暑気を和らげる風のように軽やかな、〈わからなわかる〉夏の贈り物! 

 草原と木々のグリーン、リネンのイエロー、空のブルー、そして愛用の白いベッド。植田真梨恵史上、最高に爽やかなジャケット写真に包まれた、ニュー・シングル“わかんないのはいやだ”のテーマは〈夏〉。メジャー・デビュー1周年を機に、さらにポップでエネルギッシュな方向へと前進する、強い決意を込めた一枚だ。

植田真梨恵 わかんないのはいやだ GIZA(2015)

 「このCD自体が、のちに振り返って、2015年の夏を思い出すきっかけになればいいなって思います。だから1枚を通して、曲にしても、アートワークにしても、〈夏〉をすごく意識して作りました」。

 “わかんないのはいやだ”は、ピアノを加えたバンド・サウンドと、飛び跳ねるようなメロディーが軽やかに疾走する、心ときめく3分間のポップ・チューン。この曲の成り立ちには、いくつかのエピソードが積み重なっているが、そもそもの始まりは約1年前。ケータイのメモに残した〈わからなわかる〉というワードだった。

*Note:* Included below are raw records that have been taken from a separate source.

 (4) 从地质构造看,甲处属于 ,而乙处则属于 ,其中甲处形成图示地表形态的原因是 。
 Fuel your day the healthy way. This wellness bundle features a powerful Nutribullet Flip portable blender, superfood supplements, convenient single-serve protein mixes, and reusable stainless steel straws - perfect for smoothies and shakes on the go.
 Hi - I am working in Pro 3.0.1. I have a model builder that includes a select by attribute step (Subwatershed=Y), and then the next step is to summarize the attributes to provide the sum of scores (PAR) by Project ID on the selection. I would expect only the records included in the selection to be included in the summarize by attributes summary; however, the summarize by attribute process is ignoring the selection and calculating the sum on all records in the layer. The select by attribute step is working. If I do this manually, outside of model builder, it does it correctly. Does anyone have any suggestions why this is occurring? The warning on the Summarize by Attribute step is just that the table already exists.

 「わからないけどなんとなくわかる、とか、わからないけどなんかいい、とか。私自身が音楽に対してそう思っているので、思いついた言葉です。そういう感じを曲にしたいな、と思ったんですよね」。

 そんなある日突然起きた、友人が飼っていた猫の家出事件。落ち込む友人を励まそうと、何か言えば言うほど、何も伝わる気がしないという、自己嫌悪の日々。歌詞を見ながら聴けば、〈大事なものを失くしたの〉から始まる1番の歌詞がそのまま、彼女と友人と家出猫を巡るストーリーと、ぴったり重なっているのがわかるはずだ。

 「私も同じような経験があるから、すごく気持ちがわかる気もしたし。でもいま現在私は何も失くしてないから、かける言葉が見つからなかったんですよね。〈何て言ったらいいんだろう?〉ってずっと思いながら、この曲を書いていて、歌詞とメロディーが出来た次の日に、猫が帰ってきたんですよ!」。

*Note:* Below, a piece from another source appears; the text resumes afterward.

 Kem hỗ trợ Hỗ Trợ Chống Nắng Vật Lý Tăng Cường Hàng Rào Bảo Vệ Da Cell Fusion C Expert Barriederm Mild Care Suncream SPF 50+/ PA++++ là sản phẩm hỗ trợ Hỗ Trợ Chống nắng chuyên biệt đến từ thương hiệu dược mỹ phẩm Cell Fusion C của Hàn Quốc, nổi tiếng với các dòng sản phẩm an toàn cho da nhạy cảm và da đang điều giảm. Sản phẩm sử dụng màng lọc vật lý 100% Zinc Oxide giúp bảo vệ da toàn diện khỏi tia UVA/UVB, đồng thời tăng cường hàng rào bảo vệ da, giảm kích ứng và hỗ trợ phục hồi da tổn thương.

 すべての猫好きの感動を誘う1曲。ではなくて、この曲の本質は、彼女と友人との間に新たに結ばれた〈わからないけどわかりたい〉という関係性にある。〈そばにいるよ 話してよ〉――最後のフレーズがこんなにも胸に沁みるのは、そこに愛があるからだ、と思う。

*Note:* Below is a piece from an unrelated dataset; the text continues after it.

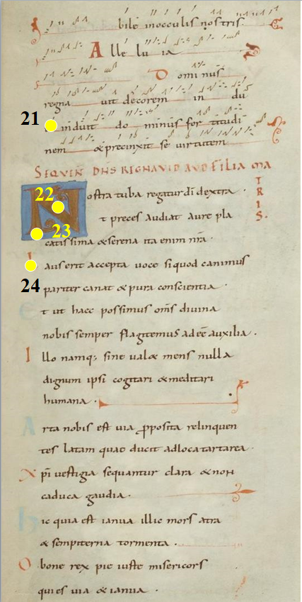 - Graduel de l'abbaye de Prüm, Initiale ornée, Paris, BnF, ms. Latin 9448, f. 3r

 「100%わかりあうことはできないと思うので。だとしたら、〈大切に思ってるよ〉という気持ちだけでいいよな、と。その気持ちを、あっと言う間に終わってしまう夏のように、疾走感のある曲に乗せて、大きな声でみんなで歌えるようなものにしたかったんです」。

 ちなみに、彼女にとってこの曲の〈わからなわかる〉ポイントは、メロディー。メロディーにはいつも、好みがはっきり出てしまうという。

 「〈私が好きなメロディー〉と〈みんなに親しみやすいメロディー〉は違うのかなと思うんです。この曲で言えば、Bメロの〈ああ、君の痛みを~♪〉のところ。私はこの気持ち悪いところが大好きで、そこが好きだと言ってくれる人がいれば、生きててよかったなと思う(笑)。逆にカップリングの“クリア”は、より親しみやすいメロディーになったかなと思っています。どっちも作っていきたいし、簡単に口ずさめて、聴いてるだけで元気になる曲を作るのが理想です」。

 いまは〈音楽のことをもっとわかりたい〉と、話す表情が輝いて見える。植田真梨恵のメジャー・デビュー2年目の夏は、大きな飛躍の季節にきっとなる。